Abstract: To better realize the mechanized picking of ordinary fresh tea leaves, reduce the system development cost, and improve the automation level and picking integrity rate, a profiling method of machine-made tea canopy surface cutter and a development method of low-cost and rapid control prototype machine with distributed control were both put forward in this study. Additionally, the profiling tea harvester prototype was developed and the indoor and field tests were launched. The profiling tea harvester uses ultrasonic sensor to sense the distance information from the reciprocating cutter to the tea canopy and realizes profiling transmission through screw rods. Then, Hampel filter and Low-pass filter algorithms are used to preprocess the distance information on-line to eliminate the influence of inter leaf vacancy and cutter vibration on the real height estimation of tea canopy surface. Meanwhile, a proportional nonlinear tracking differentiator (PNTD) control system based on nonlinear tracking differentiator was established in order to avoid the amplification of signal noise by digital difference in conventional PD control and improve the accuracy of profiling of each tea picking unit. Based on CAN bus network and code generation technology, the distributed fast control prototype with multiple execution units was realized and tested. The indoor step test results show that the maximum peak time of this control system was 0.14 s and the maximum overshoot was 3.6%. Finally, to verify the effectiveness of the distributed control profiling tea picking prototype, profiling picking experiments were conducted in the tea garden. The average picking rate of young shoots on the canopy covered by cutter was 92.01%,the integrity rate of buds and leaves was 82.6%, the impurity rate was 6.4%, and the young shoots with at least one bud and three leaves accounted for 87.91%. All the results demonstrate that the proposed methods had good performance and could be used for picking ordinary tea.

Key words: tea harvester, profiling, distributed, rapid control prototyping, nonlinear tracking differentiator

中图分类号:

S571.1

赵润茂, 卞贤炳, 陈建能, 董春旺, 武传宇, 贾江鸣, 毛明, 熊永森. 分布控制的乘坐式仿形采茶原型机研制与试验[J]. 茶叶科学, 2022, 42(2): 263-276. doi: 10.13305/j.cnki.jts.2022.02.003.

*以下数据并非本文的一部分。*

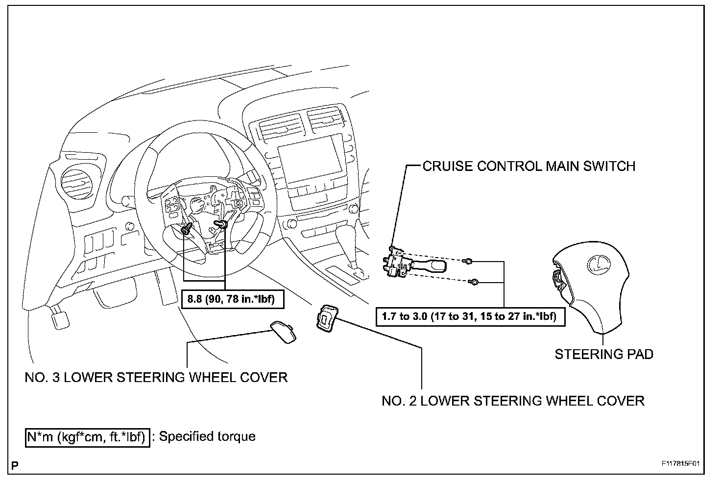Torque: 1.7 to 3.0 N.m (17 to 31 kgf.cm, 15 to 27 in.lbf)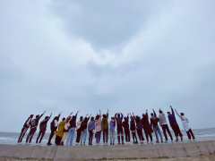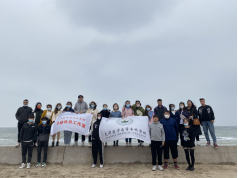 活動的第二站,大家來到東疆親海公園,讓很多從未見過大海的同學們親眼感受了大海的波瀾壯闊。參觀時恰逢漲潮,伴隨著陣陣海風,海面波濤翻滾,海天一色,在場同學無不被壯闊的海景所震撼,都發自內心地露出了燦爛的笑容。

ZHAO Runmao, BIAN Xianbing, CHEN Jianneng, DONG Chunwang, WU Chuanyu, JIA Jiangming, MAO Ming, XIONG Yongsen. Development and Test for Distributed Control Prototype of the Riding Profiling Tea Harvester[J]. Journal of Tea Science, 2022, 42(2): 263-276. doi: 10.13305/j.cnki.jts.2022.02.003.

参考文献

[1] 刘仲华, 陈宗懋, 杨亚军, 等. 创新驱动中国茶产业高质量发展——从茶学基础研究到支撑产业发展[J]. 中国茶叶, 2021, 43(2): 1-9.
Liu Z H, Chen Z M, Yang Y J, et al.Innovation drives high-quality development of Chinese tea industry: from basic research of tea science to supporting industrial development[J]. China Tea, 2021, 43(2): 1-9.
[2] 刘仲华. 中国茶叶深加工产业发展历程与趋势[J]. 茶叶科学, 2019, 39(2): 115-122.
Liu Z H.The development process and trend of Chinese tea comprehensive processing industry[J]. Journal of Tea Science, 2019, 39(2): 115-122.
[3] 汤一平, 韩旺明, 胡安国, 等. 基于机器视觉的乘用式智能采茶机设计与试验[J]. 农业机械学报, 2016, 47(7):15-20.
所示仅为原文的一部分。